**Exercise details:**
Nothing but the lines below from the one that contains "右图:2013年11月,钟立" through the one that contains "spacious main compartment" should be retyped, exactly and including both ends. Do not include pictures.

** Records follows **

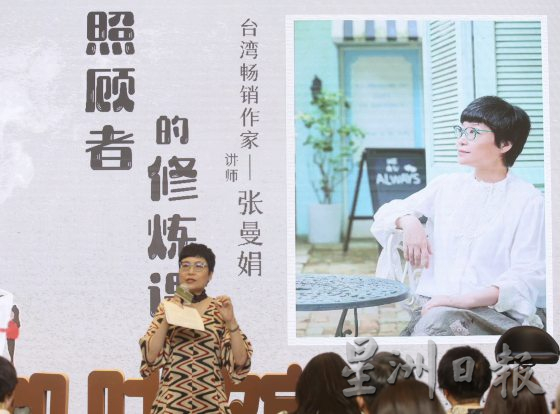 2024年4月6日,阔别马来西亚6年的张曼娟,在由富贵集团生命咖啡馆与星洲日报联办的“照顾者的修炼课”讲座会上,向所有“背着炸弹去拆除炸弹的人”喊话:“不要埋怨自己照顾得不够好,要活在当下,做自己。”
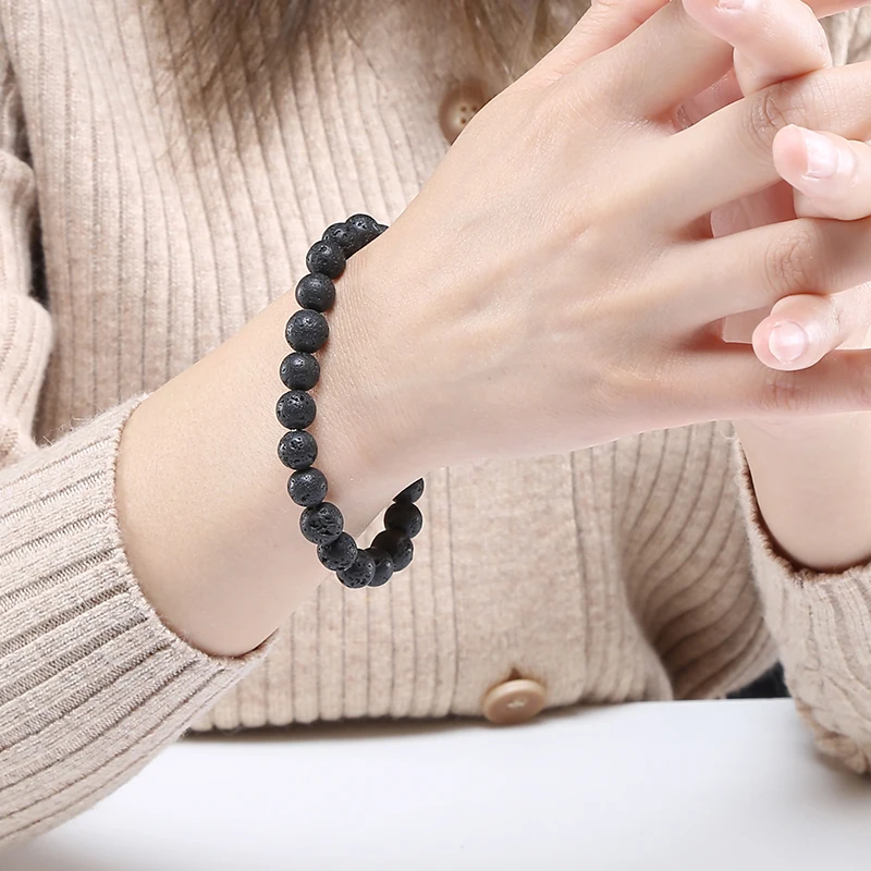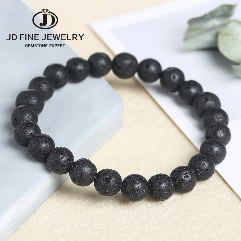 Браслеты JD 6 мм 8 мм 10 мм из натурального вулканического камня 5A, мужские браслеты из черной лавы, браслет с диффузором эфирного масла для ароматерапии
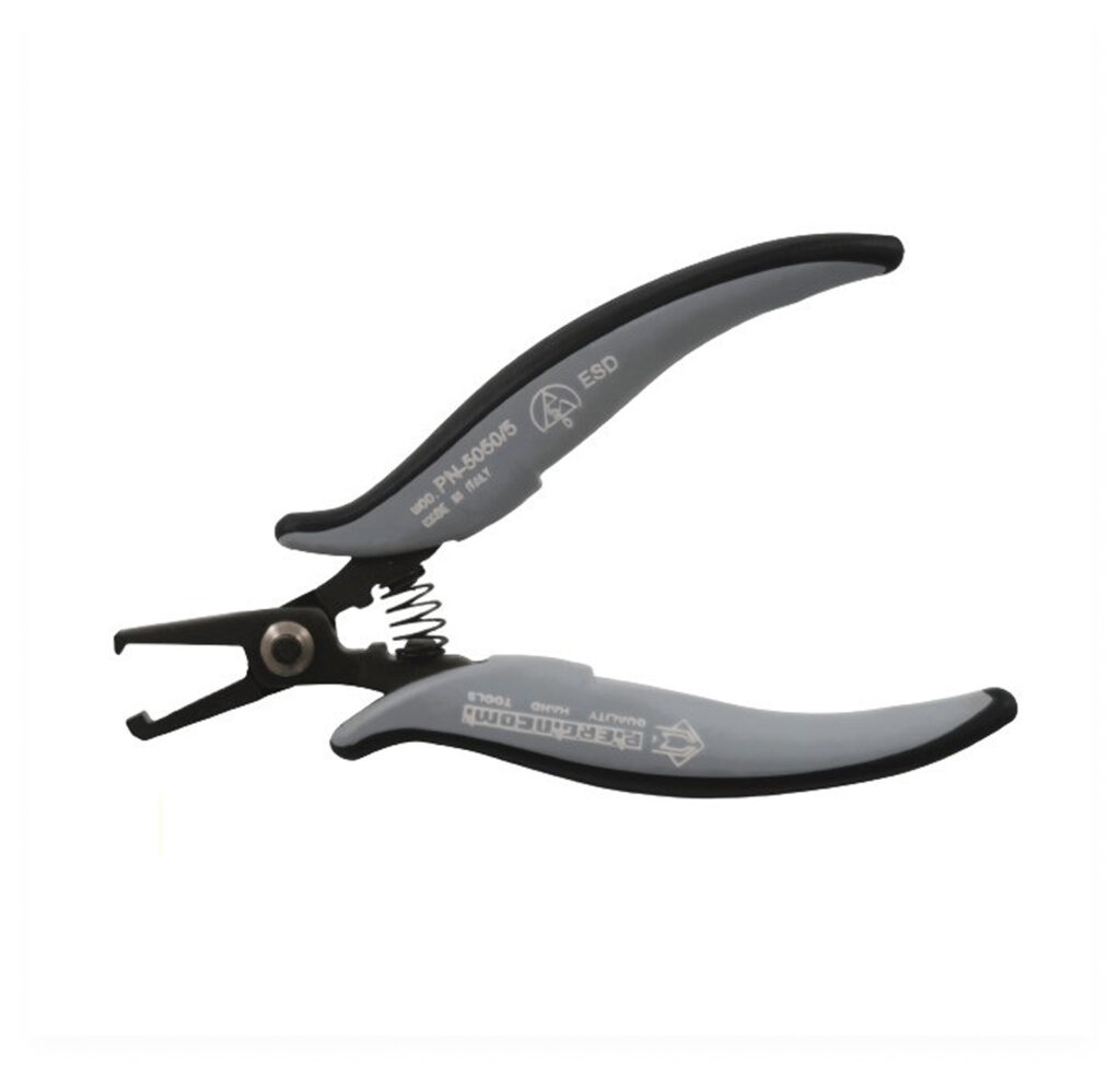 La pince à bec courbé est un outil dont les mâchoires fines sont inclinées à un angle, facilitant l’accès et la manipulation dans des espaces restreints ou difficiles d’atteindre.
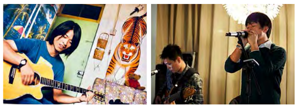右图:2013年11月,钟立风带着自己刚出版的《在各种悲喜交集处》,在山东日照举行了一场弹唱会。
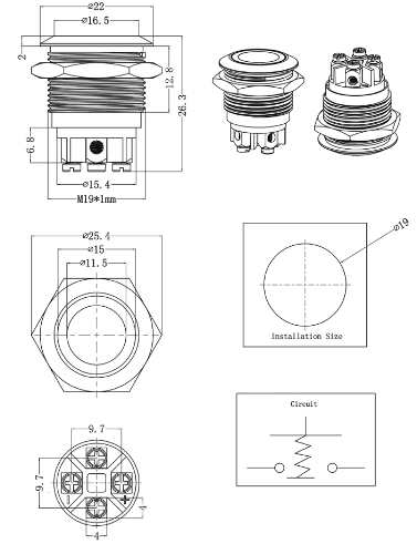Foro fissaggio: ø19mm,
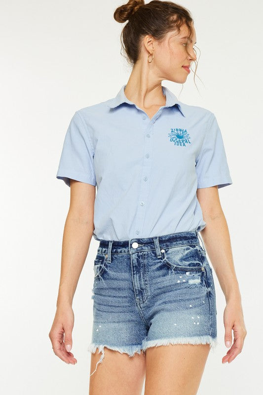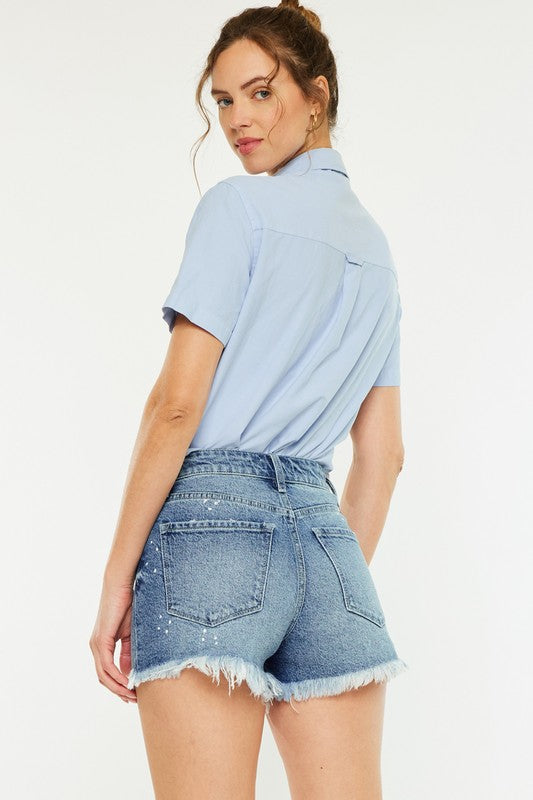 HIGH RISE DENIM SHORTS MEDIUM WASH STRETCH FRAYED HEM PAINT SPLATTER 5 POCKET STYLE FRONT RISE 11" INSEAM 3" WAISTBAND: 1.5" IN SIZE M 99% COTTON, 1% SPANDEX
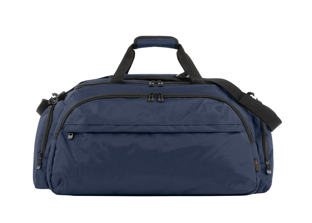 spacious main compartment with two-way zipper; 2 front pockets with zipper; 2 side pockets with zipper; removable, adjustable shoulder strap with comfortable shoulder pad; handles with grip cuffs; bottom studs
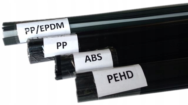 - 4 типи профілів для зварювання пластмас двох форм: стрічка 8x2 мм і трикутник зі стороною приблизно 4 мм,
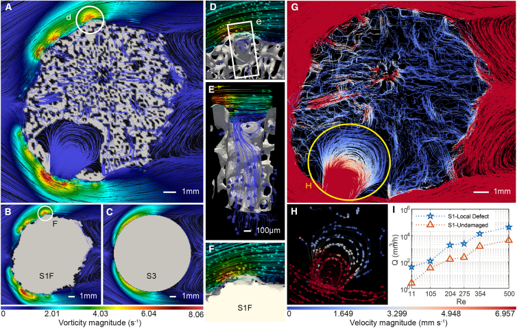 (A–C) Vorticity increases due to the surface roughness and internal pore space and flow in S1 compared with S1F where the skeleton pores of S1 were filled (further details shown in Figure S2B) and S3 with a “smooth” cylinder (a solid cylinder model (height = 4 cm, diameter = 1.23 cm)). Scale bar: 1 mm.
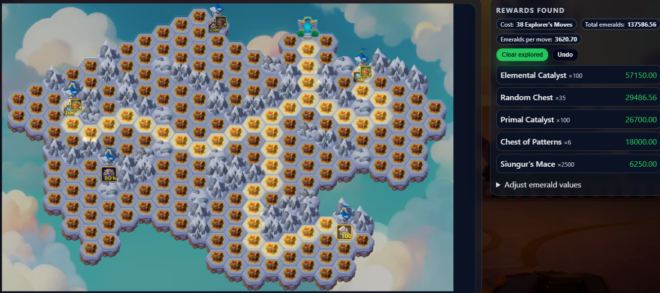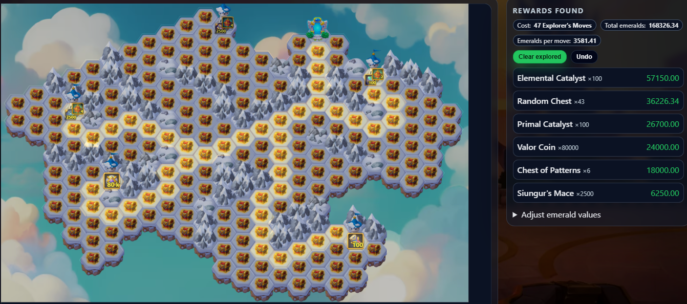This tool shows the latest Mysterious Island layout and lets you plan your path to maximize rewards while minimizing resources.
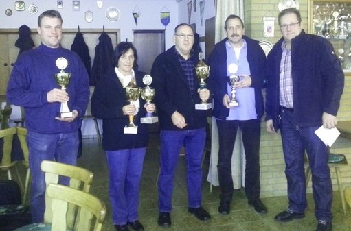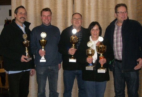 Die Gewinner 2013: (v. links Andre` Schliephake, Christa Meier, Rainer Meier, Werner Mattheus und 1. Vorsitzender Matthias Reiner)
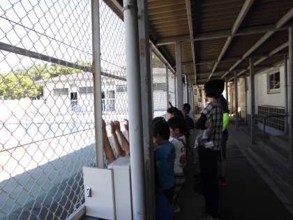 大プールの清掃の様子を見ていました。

** End of Records **

**The answer:**
右图:2013年11月,钟立风带着自己刚出版的《在各种悲喜交集处》,在山东日照举行了一场弹唱会。
Foro fissaggio: ø19mm,
 HIGH RISE DENIM SHORTS MEDIUM WASH STRETCH FRAYED HEM PAINT SPLATTER 5 POCKET STYLE FRONT RISE 11" INSEAM 3" WAISTBAND: 1.5" IN SIZE M 99% COTTON, 1% SPANDEX
 spacious main compartment with two-way zipper; 2 front pockets with zipper; 2 side pockets with zipper; removable, adjustable shoulder strap with comfortable shoulder pad; handles with grip cuffs; bottom studs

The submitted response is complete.